Five nations import more vodka into the United States than Russia, which has accounted for less than 2% of U.S. imports for nine straight years.
Sometimes, it is hard to shake perceptions — or misperceptions — once they get lodged in our collective brains.
Like that all our imports come from China? (Only about 18% do.)
Or that all our imported oil comes from the Middle East. (A majority of imported U.S. oil comes from Canada.)
Or like Russia matters when it comes to U.S. vodka consumption. (Clearly, it doesn’t.)
In a year, when liquor imports are soaring to record levels, some might even believe vodka to be the liquor of choice for Americans. (The value of tequila imports was more than twice that of vodka last year and continues to grow this year.)
In fact, the percentage of U.S. vodka imports from the world among all liquors, such as tequila, rum, whiskey, brandy, gin and all the rest, fell to its lowest level since 1998, at less than 14%.
(You can count on government to act decisively and quickly when it doesn’t really matter. Ten states have banned Russian vodka sales in reaction to the invasion of Ukraine.)
For the 11th straight year, France has accounted for more than 40% of U.S. imports by value.
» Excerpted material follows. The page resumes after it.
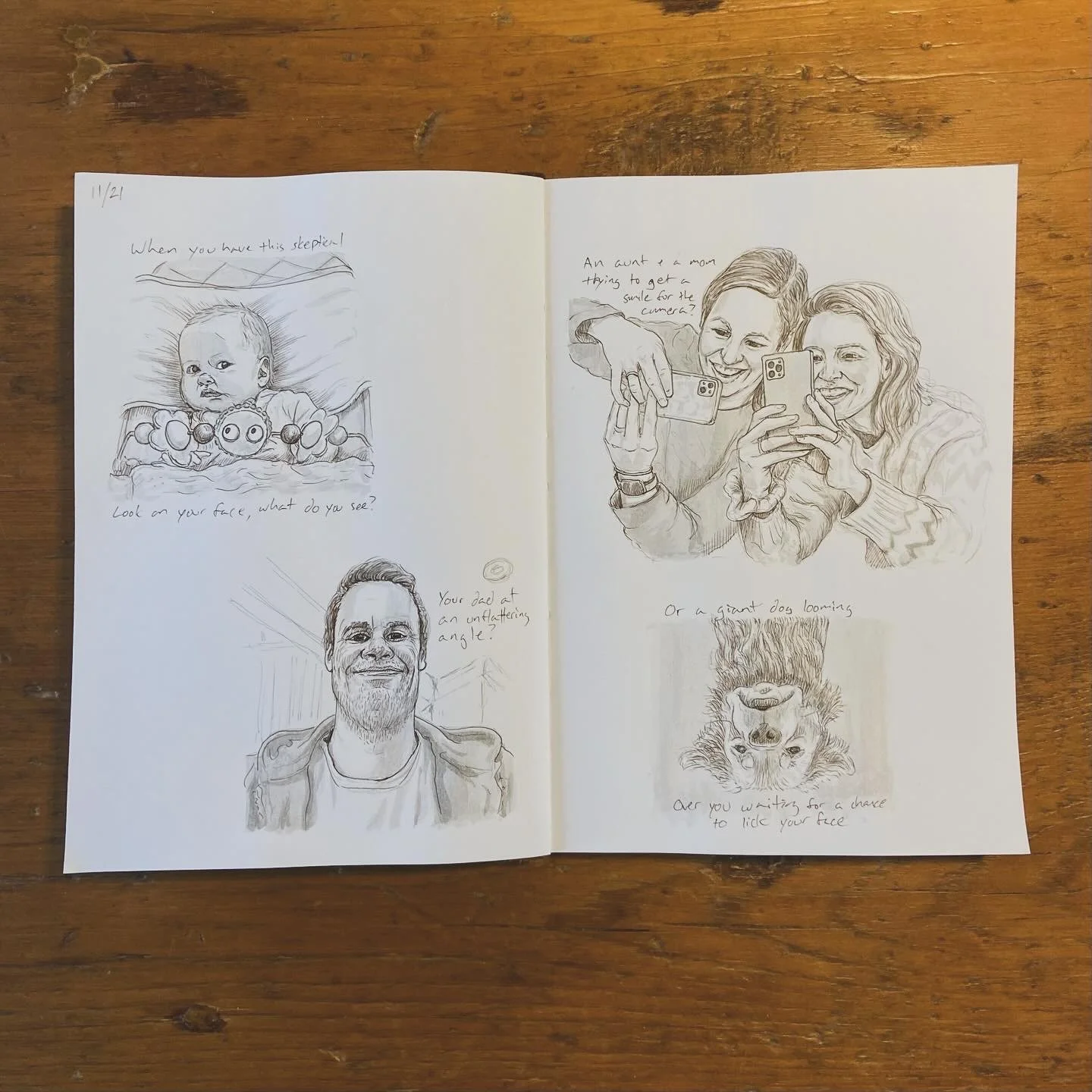 When our daughter Nell was born, my wife, Elizabeth, gave me a sketchbook to fill with memories of our first year as a family. I took to the task with gusto, and I have spent the first 11 months of her life filling pages with sketches of her ever-changing face and the people and places we’ve seen along the way.

The better-known French brands are Grey Goose and Ciroc.
The Netherlands, which topped 20% for the fourth straight year, is best known for Ketel One.
Sweden, which ranked third in 2021 with 12.15% of the total, is best known for the Absolut brand. Sweden accounted for 40% of total imports as recently at 2004, 30% as recently as 2006, and 20% as recently as 2012.
Latvia is best known for Stolichnaya, a vodka founded in the former Soviet Union, whose Russian founder fled to Luxembourg in 2000 when Vladimir Putin became Russia’s president. Ownership remains contested. It rebranded as Stoli this year.
Poland has shifted from 4%-6% for the last 15 years. It is best known for Zubrowka, which Euromonitor said was the world’s third best-selling vodka in 2020, trailing only Smirnoff and Khortytsa.
Smirnoff, while founded in Russia, it is owned by a British conglomerate, Diageo, and produced globally, including in the United States (but not Russia). Khortytsa is from Ukraine and marketed in the United States as Khor.
It is safe to assume its market share will fall precipitously this year, due to the devastation from the Russian invasion that began in February and continues.